What is determinism?
Determinism is a philosophical theory about the nature of our universe. There are multiple different nuanced versions of determinism¹, but the overarching idea is that there is no randomness in our universe. Every event has a set of causes which entirely explain the event, and these causes themselves have a set of causes. The chain of causes is unbroken from the beginning of universe (or maybe there is no beginning of universe²?).

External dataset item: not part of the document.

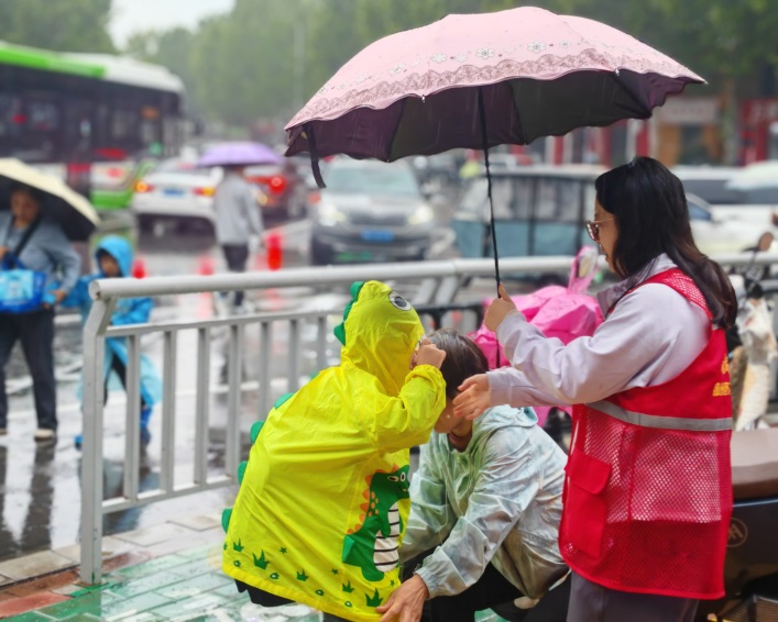 清晨的一場雨,讓校門口的“護學崗”顯得格外忙碌。身著志愿者服裝的家長們早已就位,有的為孩子撐傘,護送他們穿過雨幕;有的在道路旁引導車輛,確保通道暢通;還有的細心提醒奔跑的孩子注意腳下安全……這些看似平凡的舉動,共同構(gòu)成了“鳳翼護學崗”最動人的畫面。

Below is a quote from Laplace that encapsulates a deterministic viewpoint on the physical world:
"We may regard the present state of the universe as the effect of its past and the cause of its future. An intellect which at a certain moment would know all forces that set nature in motion, and all positions of all items of which nature is composed, if this intellect were also vast enough to submit these data to analysis, it would embrace in a single formula the movements of the greatest bodies of the universe and those of the tiniest atom; for such an intellect nothing would be uncertain and the future just like the past would be present before its eyes."
Pierre-Simon Laplace, A Philosophical Essay on Probabilities (1814)
I’ve found that determinism pops up in the following data science topics (I’m sure there are a lot more – let me know what I’ve missed!):
- Probability theory
- The concept of irreducible error
- The theoretical ‘god’ model
- Causality and design of experiments
- Random numbers
Probability Theory
The study of probability is largely about understanding how random variables behave. A random variable represents the outcome of a process with randomness in it. For example, the roll of a die. We can know a lot about how probable certain outcomes are, but we cannot predict the outcome of a single throw with certainty— presumably because of randomness.
The theory of determinism rejects that there is any randomness in the universe. Why then do we have the field of probability, in which we study random variables? Of course, a indeterminist would say that there is randomness in the universe. But, a determinist would likely say that the whole field of probability was created because of the ‘epistemic limits’ of humanity.
Epistemic limits bridge the gap between perceived randomness in the universe and the theory of determinism. These limits can be defined as the boundaries of what can be known or understood. If the universe is truly deterministic, we could hypothetically know the outcome of every dice roll (think about Laplace’s quote above). If we were able to gather and understand the causal relationship between all variables that impact each throw, we could calculate with 100% confidence the outcome of the roll (if the universe is deterministic). Imagine, though how much we would have to know to make such a calculation! The imperfections of the die, the exact placement of the die in my hand, exactly how I shake my hand, the barometric pressure that day, the hardness of the landing surface etc.
Epistemic limits bridge the gap between perceived randomness in the universe and the theory of determinism.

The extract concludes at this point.